Branding is one of those things that just works. We've all been bamboozled by a shiny tag at least once in our lives. What is it about a name brand that makes us hand out cash like candy? Is there really a difference?
I like to think about underwear and bathing suits any time I'm convincing myself to just go store brand. Because, really? This is the ultimate rebranding we all just let happen.
Louis Réard, a French designer in the 1940's decided on a steamy July day to debut the two-piece bathing suit! He totally missed out on marketing to the Americans for July 4th, but Europeans don't give a shit about us anyway. July 5th, 1946 was a day to go down in history; he did it! Réard really and truly figured out a way to get women to wear undergarments in public and WE LET HIM.
Of course, what is there to complain about? I, for one, know that had I been around for this, I'd be first in line for this baby. An excuse to show myself off in an acceptable way? Fuck yeah! And before you render me inflated, you like dressing up too. It's fun! For the 2% of us out there comfortable in our skin - only like 5% of the time though - this was the beginning of something grand.
And it's funny, bikinis have been around for quite some time and still, it's totally unacceptable to wear panties in public. Recently, on a visit to my in-laws, the family decided to go for a dip in the pool - it was freezing. I had not packed a swimsuit being that it was Germany in January, so retired to the living room to watch everyone else jump in.
I had underwear, of course. I even had a bra! Did I ever consider putting those on to go in the pool, though? Nope!
It's all about the branding and the marketing. It's so stupid clever it's almost idiotic how effective some strategies can be. If some French dude in the 40's could pull off marketing women's underwear for public use? We have to assume anything is marketable enough to be anything. So, why do we pay attention to the tags? Why do we listen to the marketing? We're completely consumed by this as a capitalistic society, it's really all we have!
And it's true. We live in a world where the only finite way to measure our self-worth is by the material goods we own. It defines our personality without us having to open our mouths. We decorate our homes and we decorate our bodies in ways that make it easier for us to connect and be accepted without ever needing to offer a verbal explanation. And the major brands know this! It's about community and our need to align with one another.
So, the underlying thing at play here in marketing is the human need to connect and be seen or heard. It plays on our emotions and convinces us of "needs" we never knew about. It's kind of gross!
What is the difference between a bra set and bikini? Material? Is that all you have to offer? The fucking material?

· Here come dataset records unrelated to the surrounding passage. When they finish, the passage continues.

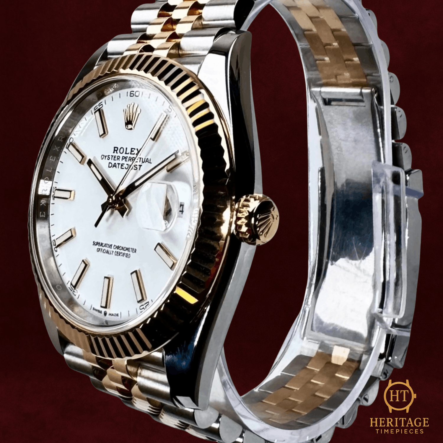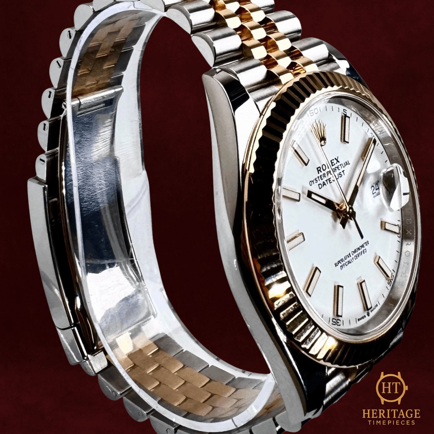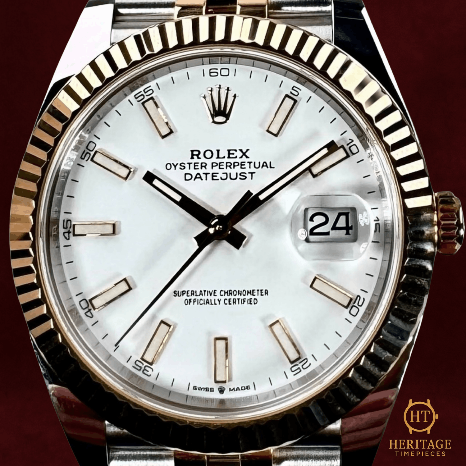 Heritage Narrative The Rolex Datejust is one of the most enduring and recognizable models in modern watchmaking, defined by timeless proportions, daily practicality, and unmistakable Rolex refinement. The Datejust 41 represents the contemporary evolution of this classic design, offering a larger case size while preserving the balance and elegance that have defined the collection for decades. This example, reference 126333, combines stainless steel with 18kt yellow gold, delivering the warmth and presence of a traditional two-tone Rolex with a clean, modern execution. The fluted yellow gold bezel adds visual depth and signature character, while the white dial with luminous index markers set in gold provides clarity, contrast, and a refined aesthetic suitable for both formal and everyday wear. Powered by Rolex’s self-winding Perpetual mechanical movement with quickset date functionality, the Datejust 41 offers dependable performance and effortless usability. The two-tone Jubilee bracelet completes the watch with comfort and elegance, reinforcing the model’s reputation as one of the most versatile watches in the Rolex lineup. Presented in mint condition, this Datejust 41 is an ideal example of contemporary Rolex design—timeless in appearance, modern in execution, and suitable for virtually any setting. Technical Specifications Brand:Rolex Model:Datejust 41 Reference:126333 Serial Number:6F6XXXXX Year:2023 Movement:Rolex self-winding Perpetual mechanical movement Complications:Quickset date Case:41 mm stainless steel case Bezel:Fluted 18kt yellow gold bezel Crystal:Scratch-resistant sapphire crystal Dial / Hands:White dial with luminous index hour markers set in goldGold hands Bracelet:18kt yellow gold & stainless steel Jubilee braceletApprox. 7 3/4 in (adjustable) Condition & Inclusions Overall Condition:Mint condition Service Status:Movement tested and functioning correctly Set:Includes: Box, Certificate / warranty card, Booklets, Tag Shipping & Logistics The watch is stored securely and shipped fully insured within 1–3 business days. Worldwide shipping is available. Any applicable import duties or taxes are the responsibility of the buyer. Shipping & Returns Complimentary insured worldwide shipping and a 14-day return window. Each timepiece is authenticated, time-tested, and professionally prepared prior to dispatch. Secure packaging, tracking, and full insurance are included with every shipment.
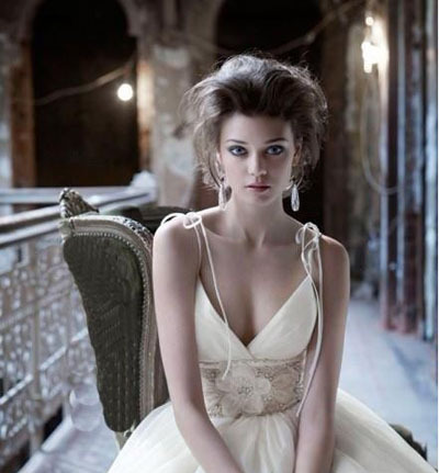 露肩的設(shè)計(jì),很能修飾肩部的曲線,并讓其展露無遺。性感的鎖骨讓你嫵媚感表現(xiàn)得淋漓盡致。腰間緊身的設(shè)計(jì),非常收腰,背后的大蝴蝶結(jié),可愛女人的幸福昭告天下。 復(fù)古的婚紗,有著難以言喻的美感。小豎領(lǐng)和特別的肩部設(shè)計(jì),充滿了淑女的美感。胸前金屬扣上的蝴蝶結(jié),端莊又美麗。婚禮的神圣感體現(xiàn)在蕾絲手套和珍珠耳環(huán)還有水晶皇冠上哦
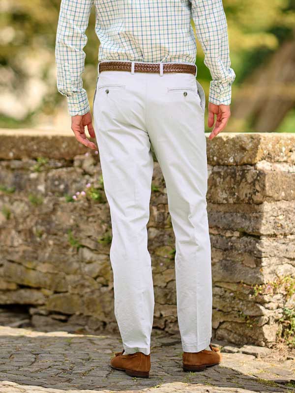 Klassieke heren chino ‘‘Mr. Jones” gemaakt van premium Pima katoen als ideale zomerbroek voor warme dagen. Pima-katoen komt uit Peru en is dankzij de ideale groeiomstandigheden en de bijzonder lange vezels de beste katoenkwaliteit ter wereld. Het wordt vooral gewaardeerd om zijn uitzonderlijke zachtheid, schitterende glans en hoge duurzaamheid. Dankzij een beetje stretch zijn deze broeken vormvast, kreukvrij en comfortabel. Ze hebben een rechte pijp, Franse zakken, twee achterzakken met knoop, riemlussen en een horlogezakje in een normale pasvorm. Dit eigentijdse, slimme en comfortabele model is een perfecte allrounder voor elke gelegenheid en mag in geen enkele garderobe ontbreken.
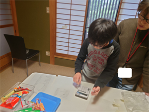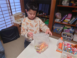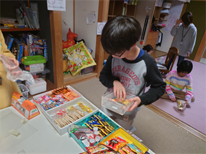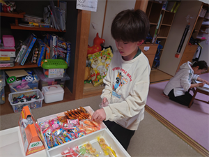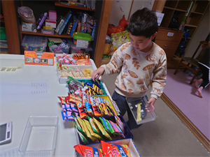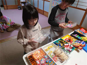 次は、おやつの時間です。今日は「駄菓子屋さん」
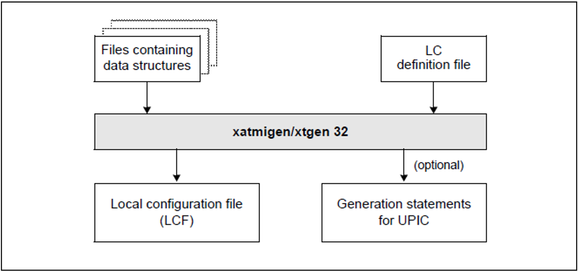 The xatmigen tool creates a local configuration file (LCF) from a file containing the local configuration definition (LC definition file) and one or more files containing C or COBOL data structures (LC description files), see diagram below:
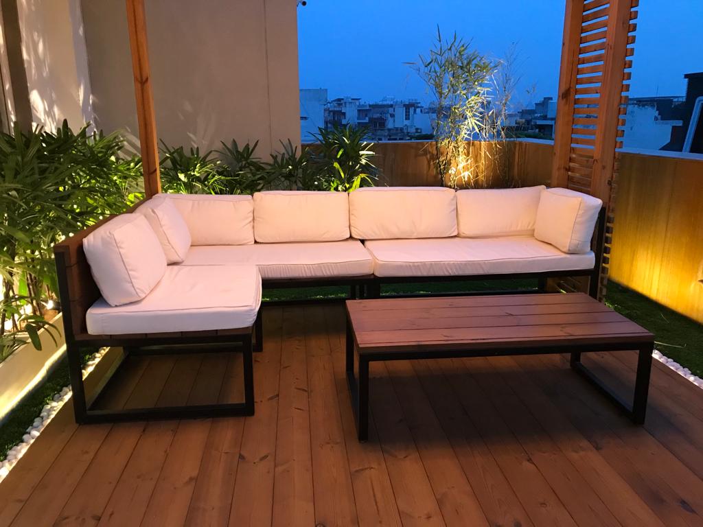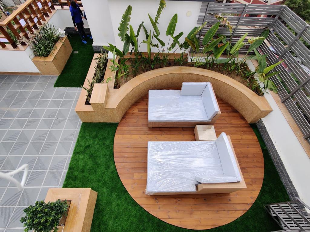 Modular outdoor seating and wooden deck lounges offer comfort and style — perfect for evening relaxation or hosting under the stars.
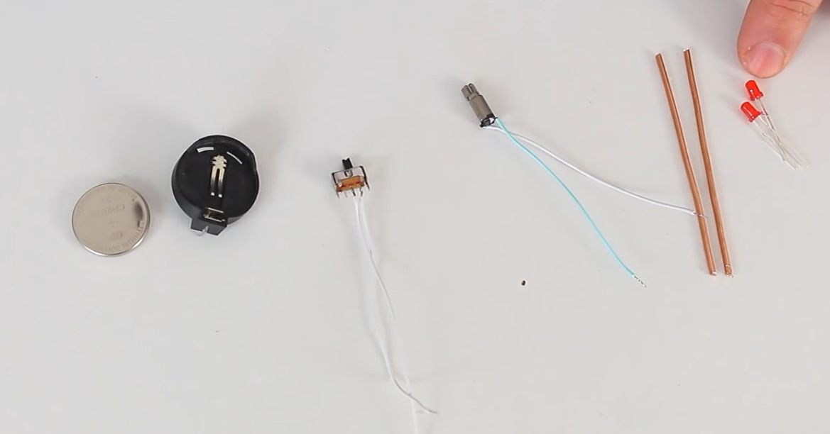 Для начала понадобятся два светодиода на 3 миллиметра, два кусочка медной проволоки длиной 7 сантиметров, вибратор, который можно достать из любого, старого мобильного телефона, небольшой выключатель, коннектор для батареек 2032. И первым делом следует припаять коротенькие лапки от светодиодов к минусу от коннектора для батарейки, минус находится посреди коннектора так, что берем светодиоды и начинаем припаивать, для начала коротенькие ножки мы слегка укорачиваем и после этого уже припаиваем. Далее соединяем эти ножки между собой примерно таким образом. После, при помощи термоклея приклеиваем по серединке моторчик. Теперь эти два проводка мы должны припаять к контактам от светодиодов и в этом случае полярность не имеет никакого значения. После этого следует припаять ножку светодиода и плюс от коннектора батарейки к выключателю. В завершении остается только сделать лапки для жука согнув аккуратно медную проволоку. Примерно такие лапки должны получиться. Остается их приклеить при пом
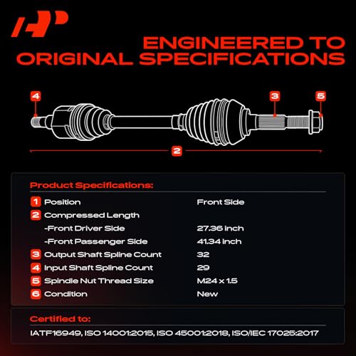 [Specifications]: ① Location: Front Left and Right (Motive force and Passenger Aspect); ② ABS Ring Included: No; ③ Axle Nut Included: Yes; ④ Spindle Nut Thread Size: M24 x 1.5; ⑤ Compressed Length: 27.36 inch (Left), 41.34 inch (Right); ⑥ Input Shaft Spline Count: 29; ⑦ Output Shaft Spline Count: 32
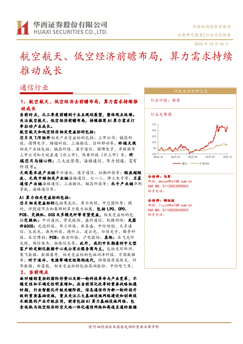 通信行业:华西证券-通信行业:航空航天、低空经济前瞻布局,算力需求持续推动成长-251026
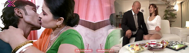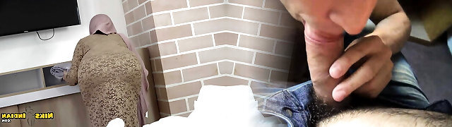 Tamil MILF Stepmom Stuck Under Bed with white saree & black half-top, when she cleaning under couch then son-in-law fuck her
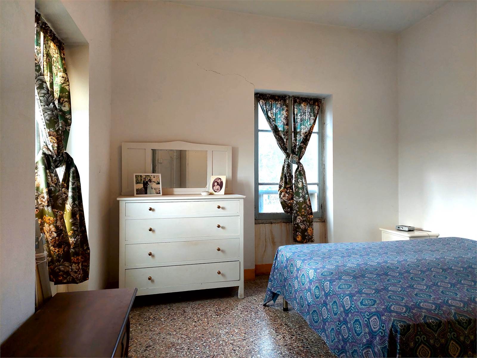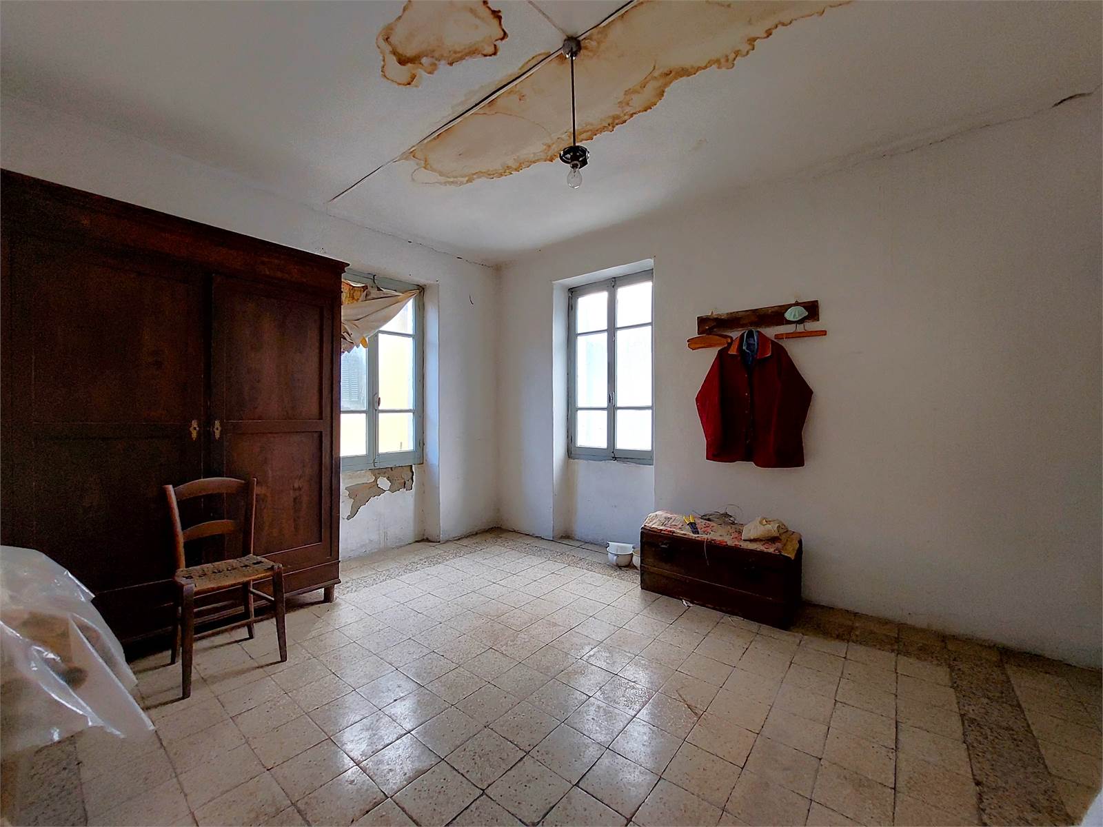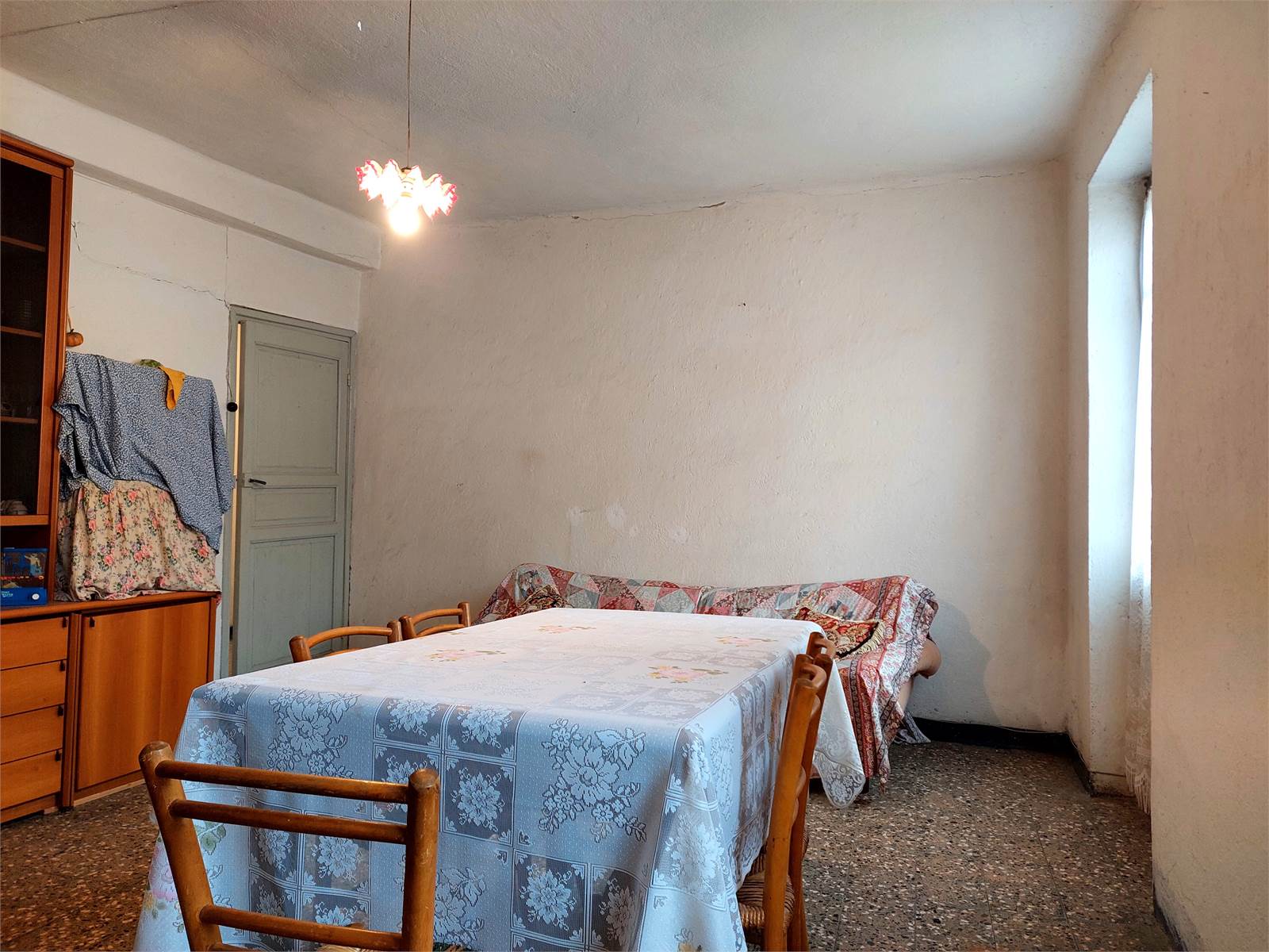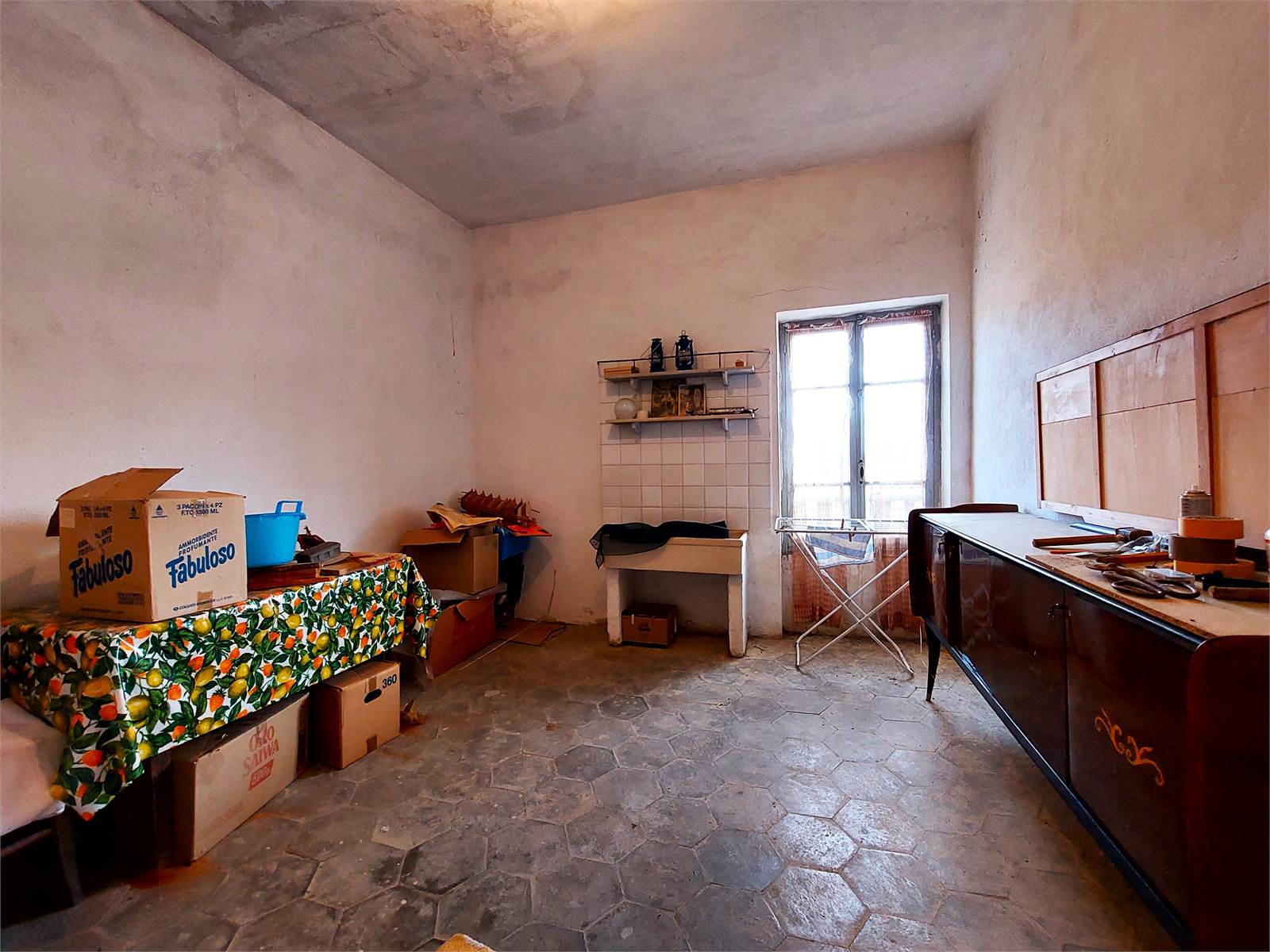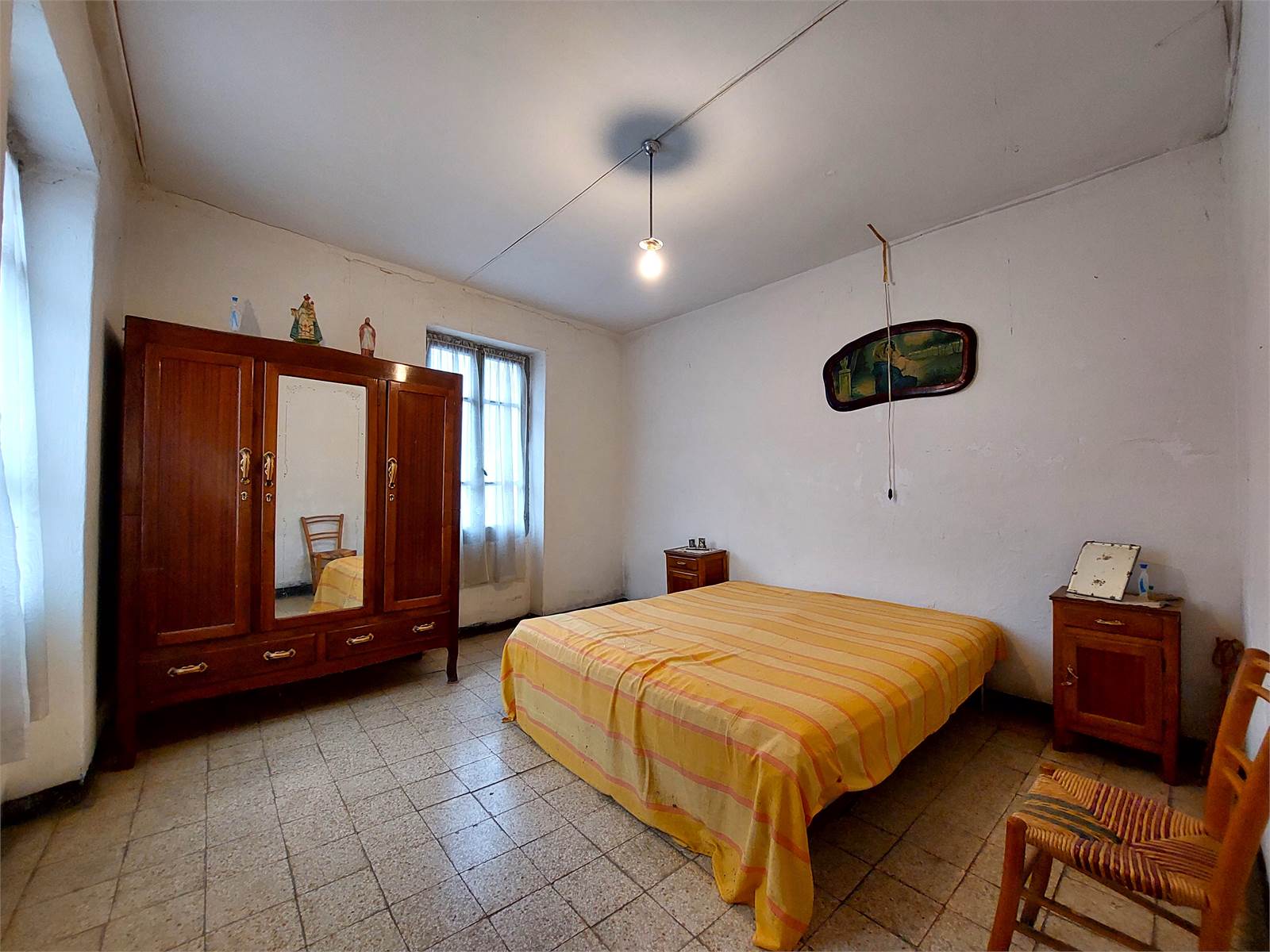Il primo piano della casa misura oltre 150 metri quadrati ed è suddiviso in due stanze grezze oltre ad un appartamento con corridoio, cucina, salone e due camere. L'alloggio è ben tenuto ma gli impianti tecnologici e i materiali risalgono ai primi anni Sessanta.

Again, I won't necessarily complain too much here as I love a good bikini, but we have to ask ourselves, when is enough, enough? I know I'm being played every time I put one on, but I'm cool with it. There have been many times - maybe even still - that I've truly been gobsmacked by a marketing ploy that sends me into a shopping frenzy. Stop! (I'm screaming at me, not you) Stop!!!
Next time you're caught between brands or unsure if you really need that new gadget, consider for a moment the bikini. Does this item have a history? How has it transformed? Is this model really better than the last? We may never know the answers to these questions, but we could at the very least try to find some meaning behind our shopping before brands bombard and blind us with their schemes.
Because it's all just one big scheme. I can't remember the last time I bought something that actually did what it said it would every single time without fault. I'm looking at you, Beis. I assumed your quality was that of the stars with the prices you put out there. Every single bag I've ever gotten from Beis has broken within the year. And maybe I carry around too much shit, but really? Every single one?
Forget the brand, Ignore the marketing, and shop on intuition. If it feels like undergarments, and looks like undergarments, it's probably just undergarments.